Could you restate the data word for word and drop the pictures?

============

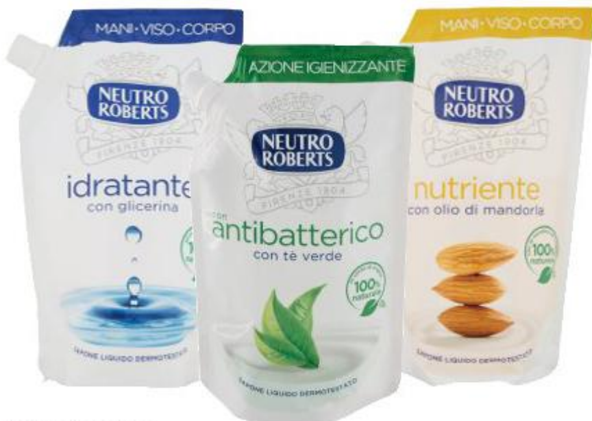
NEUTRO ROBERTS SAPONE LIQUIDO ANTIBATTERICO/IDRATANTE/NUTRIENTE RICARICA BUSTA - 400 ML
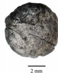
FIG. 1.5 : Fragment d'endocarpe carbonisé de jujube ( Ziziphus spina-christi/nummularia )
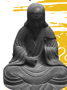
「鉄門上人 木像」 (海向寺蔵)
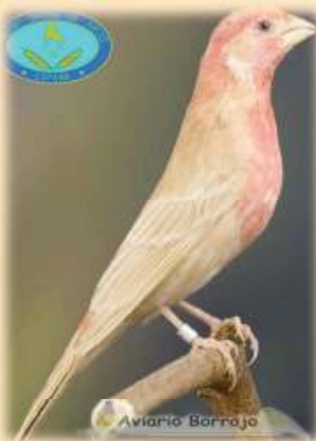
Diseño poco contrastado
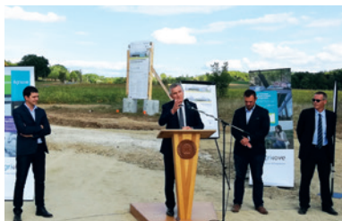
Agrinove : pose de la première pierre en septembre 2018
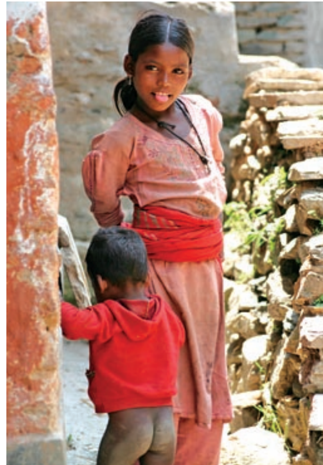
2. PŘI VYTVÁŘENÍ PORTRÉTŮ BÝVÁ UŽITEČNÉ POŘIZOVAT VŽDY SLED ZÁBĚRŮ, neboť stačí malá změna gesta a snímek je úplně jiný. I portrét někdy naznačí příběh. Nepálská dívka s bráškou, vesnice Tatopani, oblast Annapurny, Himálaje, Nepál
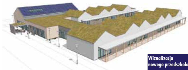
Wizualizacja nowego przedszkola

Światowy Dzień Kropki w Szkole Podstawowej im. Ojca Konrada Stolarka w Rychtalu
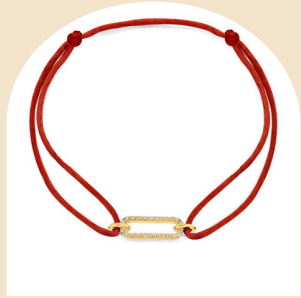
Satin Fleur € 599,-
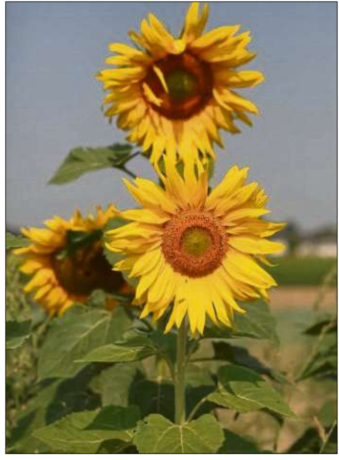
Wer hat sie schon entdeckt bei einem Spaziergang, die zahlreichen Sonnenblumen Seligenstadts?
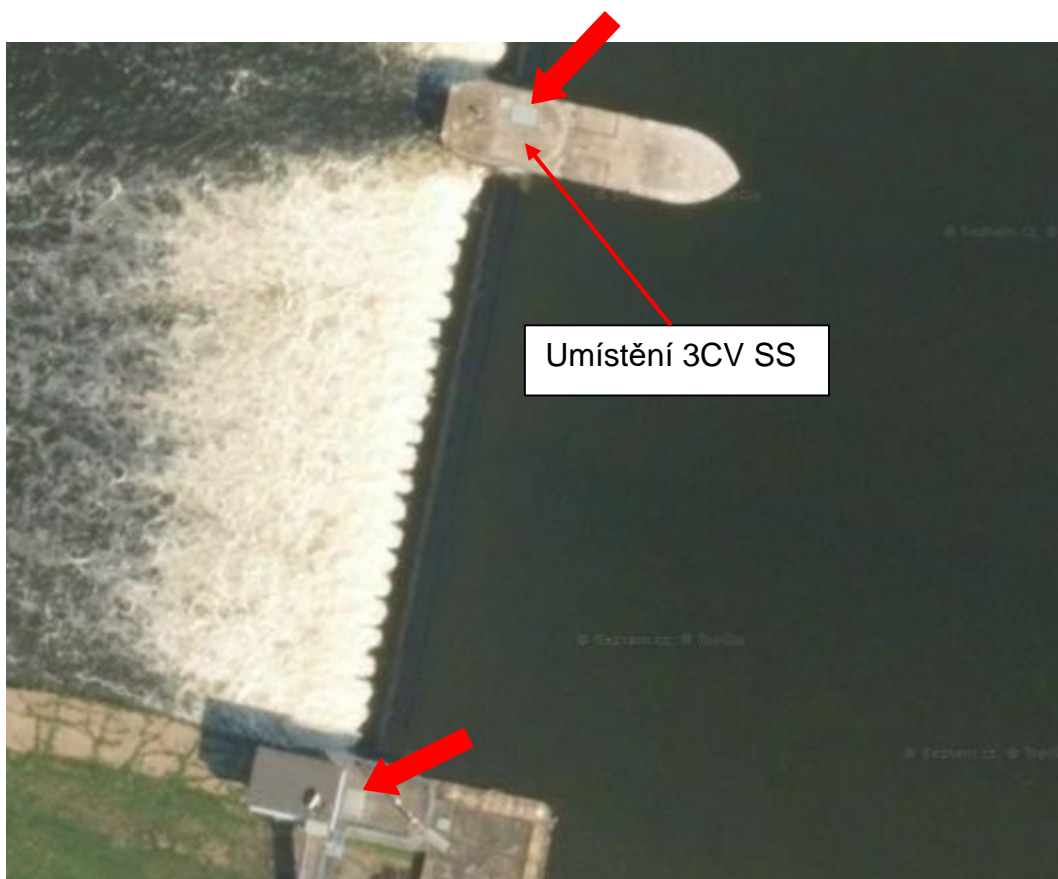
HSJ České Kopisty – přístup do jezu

============

- [Answer to the problem]
NEUTRO ROBERTS SAPONE LIQUIDO ANTIBATTERICO/IDRATANTE/NUTRIENTE RICARICA BUSTA - 400 ML
FIG. 1.5 : Fragment d'endocarpe carbonisé de jujube ( Ziziphus spina-christi/nummularia )
「鉄門上人 木像」 (海向寺蔵)
Diseño poco contrastado
Agrinove : pose de la première pierre en septembre 2018
2. PŘI VYTVÁŘENÍ PORTRÉTŮ BÝVÁ UŽITEČNÉ POŘIZOVAT VŽDY SLED ZÁBĚRŮ, neboť stačí malá změna gesta a snímek je úplně jiný. I portrét někdy naznačí příběh. Nepálská dívka s bráškou, vesnice Tatopani, oblast Annapurny, Himálaje, Nepál
Wizualizacja nowego przedszkola

Światowy Dzień Kropki w Szkole Podstawowej im. Ojca Konrada Stolarka w Rychtalu
Satin Fleur € 599,-
Wer hat sie schon entdeckt bei einem Spaziergang, die zahlreichen Sonnenblumen Seligenstadts?
HSJ České Kopisty – přístup do jezu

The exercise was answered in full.